Task goal.
In your reply, print every line of the listing exactly and omit all images.

Data below.
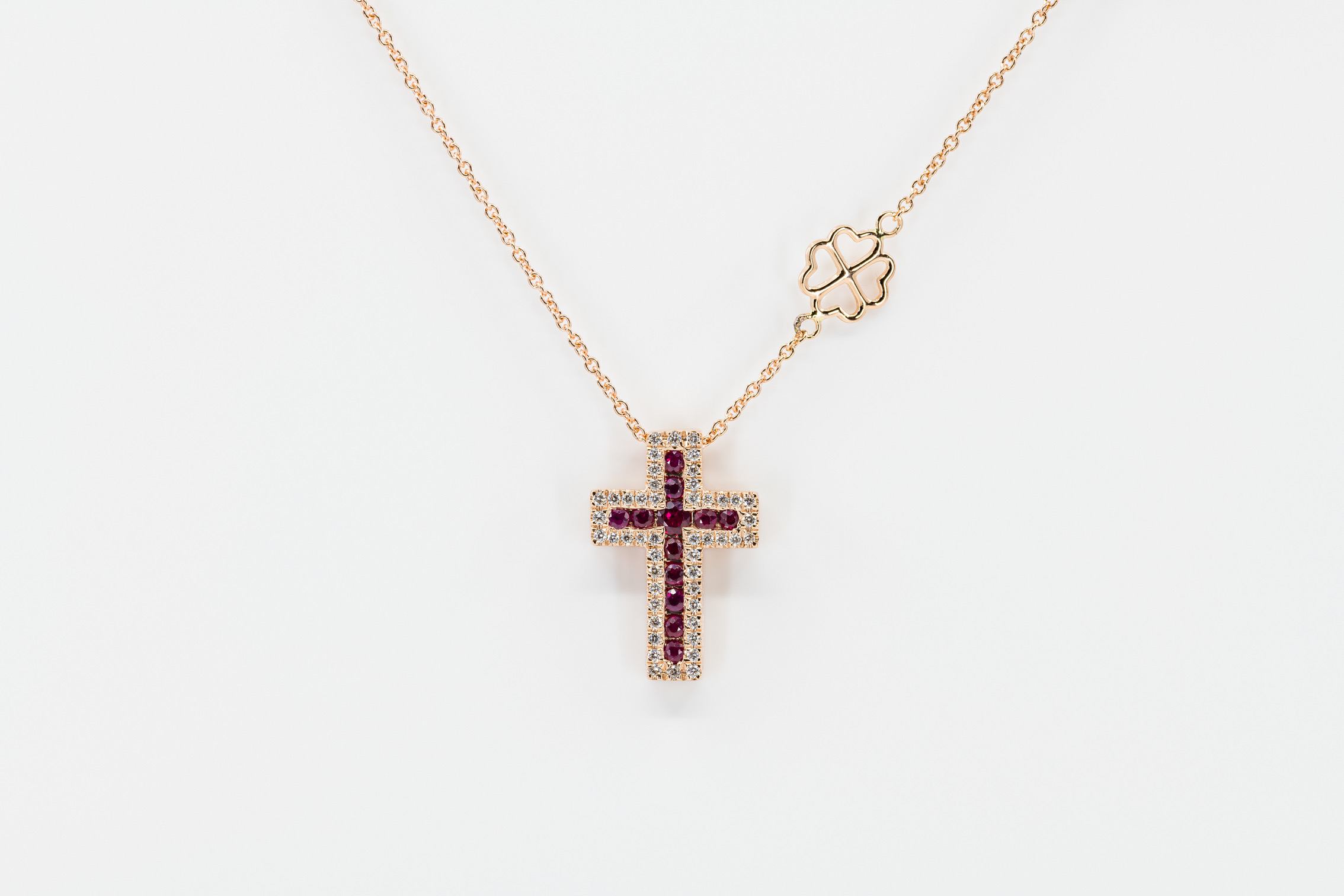 ANGELUS – collana in oro rosè montata con diamanti e rubini
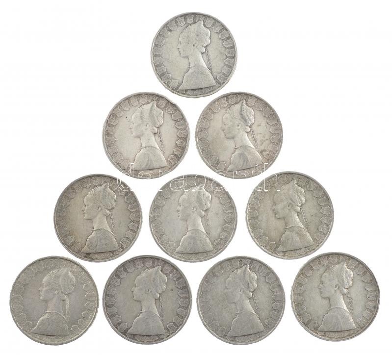 Leírás: Olaszország 1958R-1964R 500L Ag "Kolumbusz hajói" (10x) T:2-,3 patina
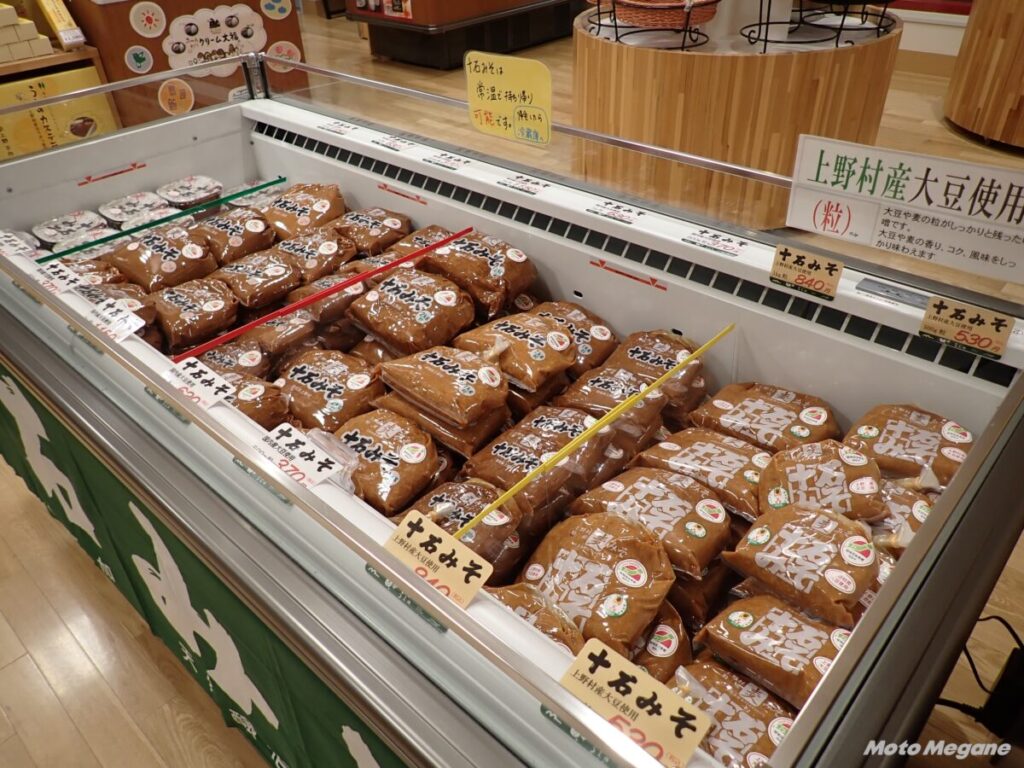 大豆、大麦、塩のみで、天然醸造された麦味噌。米が作れなかった上野村では昔は麦を主食としていたので、保存食として麦味噌が造られていた。数量限定の上野村産大豆使用のものと、国内産大豆で作られた2種類の十石みそを販売する。

Answer section.
 ANGELUS – collana in oro rosè montata con diamanti e rubini
 Leírás: Olaszország 1958R-1964R 500L Ag "Kolumbusz hajói" (10x) T:2-,3 patina
 大豆、大麦、塩のみで、天然醸造された麦味噌。米が作れなかった上野村では昔は麦を主食としていたので、保存食として麦味噌が造られていた。数量限定の上野村産大豆使用のものと、国内産大豆で作られた2種類の十石みそを販売する。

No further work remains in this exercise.